Methionine has been mutated into glycine, the 358th glutamine has been mutated into threonine, mutant plasmid is through Dpn I digestion mould
It is transferred in Escherichia coli after plate, recombinant bacterial strain has kalamycin resistance, can give birth on the plate containing 40 μ g/mL kanamycins
Long, the sequencing of picking positive transformant, sequence, which is shown, is successfully mutated 347 sites and 358 sites, as leucine dehydrogenase mutant
Bacterium BL21/pET-28b-mut-leudh.
(3) recombinant mutant bacterium expresses leucine dehydrogenase through culture
LB liquid medium (g/L) composition: peptone 10, yeast powder 5, NaCl 10, solvent are water, with 1M NaOH by pH
It is adjusted to 7.0;LB solid medium adds 20g/L agar;High pressure sterilization;Use preceding 50 μ g/mL kanamycins of addition final concentration.
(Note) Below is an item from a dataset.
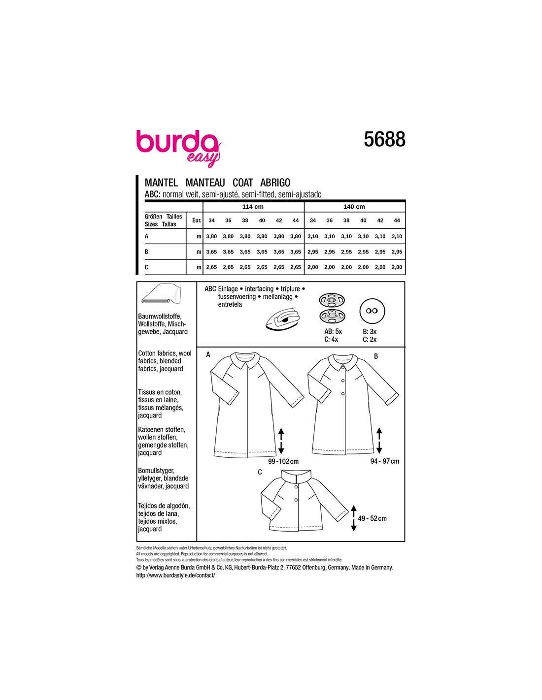 Vill du ha hjälp att tolka tygåtgången? Skicka ett mail till info@tygcenter.se med rubrik Burda 5688 så hjälper vi dig.

Leucine dehydrogenase mutant bacterium is seeded to the LB liquid medium of 50 μ g/mL kanamycins of final concentration, 250mL
Triangular flask, liquid amount 50mL, 37 DEG C of cultivation temperature, shaking speed 150r/min, culture to OD600=0.8~1.0, it is planted
Sub- liquid;Seed liquor is transferred to the training of the fermentation equipped with 50 μ g/mL kanamycins of 100mL final concentration with the inoculum concentration of volumetric concentration 2%
In the 500mL triangular flask for supporting base (LB liquid medium), 2~3h (OD is cultivated under the conditions of 37 DEG C, 150r/min600=0.4~
0.8) final concentration 24 μ g/mL IPTG, 28 DEG C, 150r/min Fiber differentiation 10h, are added, induction broth is obtained.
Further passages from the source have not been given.